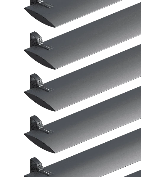 - L’uso di attacchi fissati direttamente alla pavimentazione consente di scegliere liberamente la distanza tra le lamelle durante l’installazione, senza doverla definire al momento dell’ordinazione.
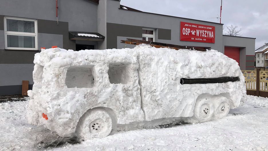 Zimowa aura sprzyja tworzeniu wyjątkowych budowli. Strażacy z OSP w Wyszynie podeszli do tematu niekonwencjonalnie - zamiast igloo czy bałwana ulepili wóz strażacki, który - gdyby tylko jeździł - mógłby zastąpić ich wysłużonego stara.
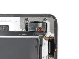 Снимите следующие винты с разъёма кабеля блока кнопок питания/регулировки громкости:
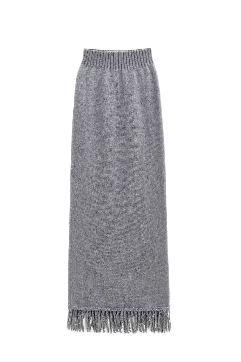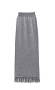 Maxi-length knitted skirt made of ultra-fine merino wool with added cotton. Straight silhouette model with a wide elastic waistband. The product is decorated with bouclé fringe along the bottom.
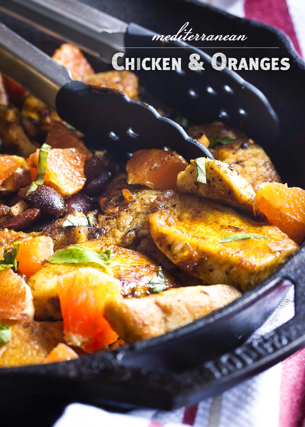 I’ve been working on a quick, Mediterranean chicken skillet with olives and oranges for a while now, but it wasn’t quite right. The chicken was tough. The sauce was bitter. The oranges were mushy! (Don’t simmer them! Learn from my mistakes. 🙂 )
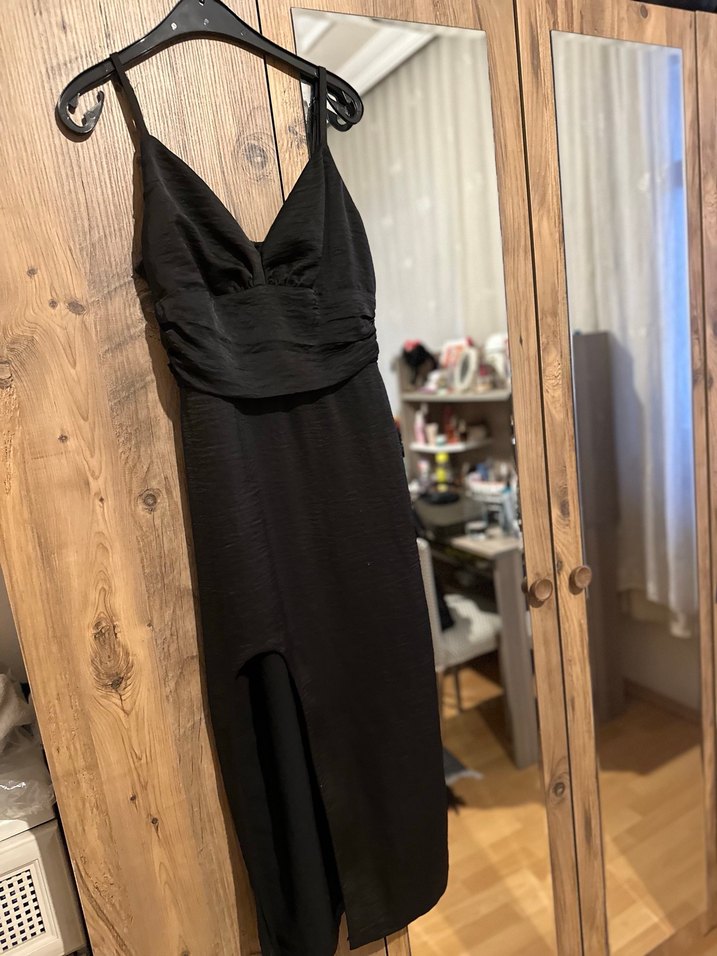 V yakalı, askılı ve drapeli detaylara sahip siyah uzun abiye elbise, romantik akşamlar için şık ve fit kesimle tasarlandı.
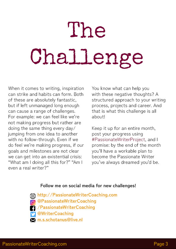 - The challenge was designed by a professional writing coach who specializes in planning and mindset exercises. She developed and tested the exercises over the course of years, resulting in great success for the writers she works with.
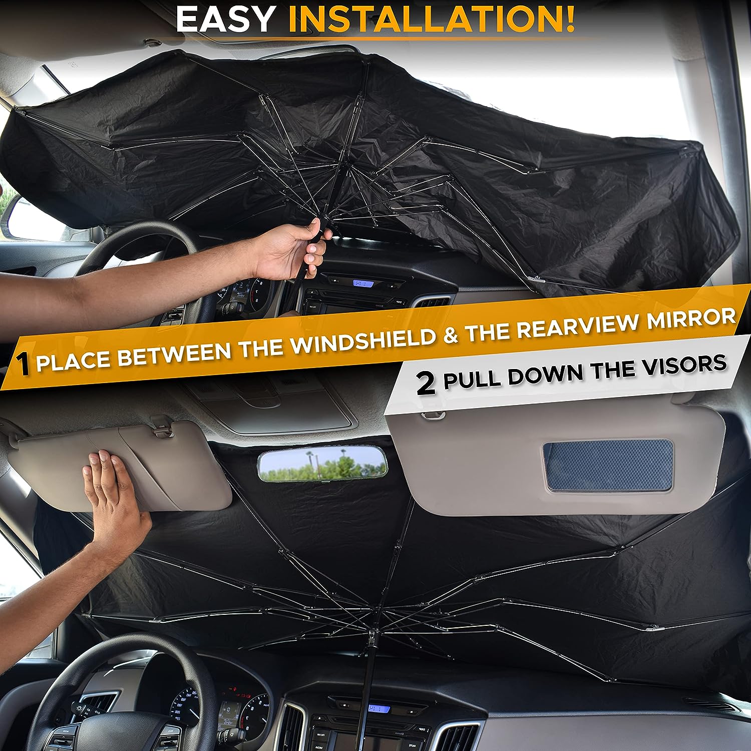 • Designed for Longevity: Our Windshield sun shade features Titanium Silver Glue Coating providing tremendous protection against the sun's heat! Our shades are made from ten-stable toughened steel rods, ensuring superior durability!
=-=-=
**EXERCISE OBJECTIVE**
Output the material word for word, and keep the pictures out.

**REPLY**
 - L’uso di attacchi fissati direttamente alla pavimentazione consente di scegliere liberamente la distanza tra le lamelle durante l’installazione, senza doverla definire al momento dell’ordinazione.
 Zimowa aura sprzyja tworzeniu wyjątkowych budowli. Strażacy z OSP w Wyszynie podeszli do tematu niekonwencjonalnie - zamiast igloo czy bałwana ulepili wóz strażacki, który - gdyby tylko jeździł - mógłby zastąpić ich wysłużonego stara.
 Снимите следующие винты с разъёма кабеля блока кнопок питания/регулировки громкости:
 Maxi-length knitted skirt made of ultra-fine merino wool with added cotton. Straight silhouette model with a wide elastic waistband. The product is decorated with bouclé fringe along the bottom.
 I’ve been working on a quick, Mediterranean chicken skillet with olives and oranges for a while now, but it wasn’t quite right. The chicken was tough. The sauce was bitter. The oranges were mushy! (Don’t simmer them! Learn from my mistakes. 🙂 )
 V yakalı, askılı ve drapeli detaylara sahip siyah uzun abiye elbise, romantik akşamlar için şık ve fit kesimle tasarlandı.
 - The challenge was designed by a professional writing coach who specializes in planning and mindset exercises. She developed and tested the exercises over the course of years, resulting in great success for the writers she works with.
 • Designed for Longevity: Our Windshield sun shade features Titanium Silver Glue Coating providing tremendous protection against the sun's heat! Our shades are made from ten-stable toughened steel rods, ensuring superior durability!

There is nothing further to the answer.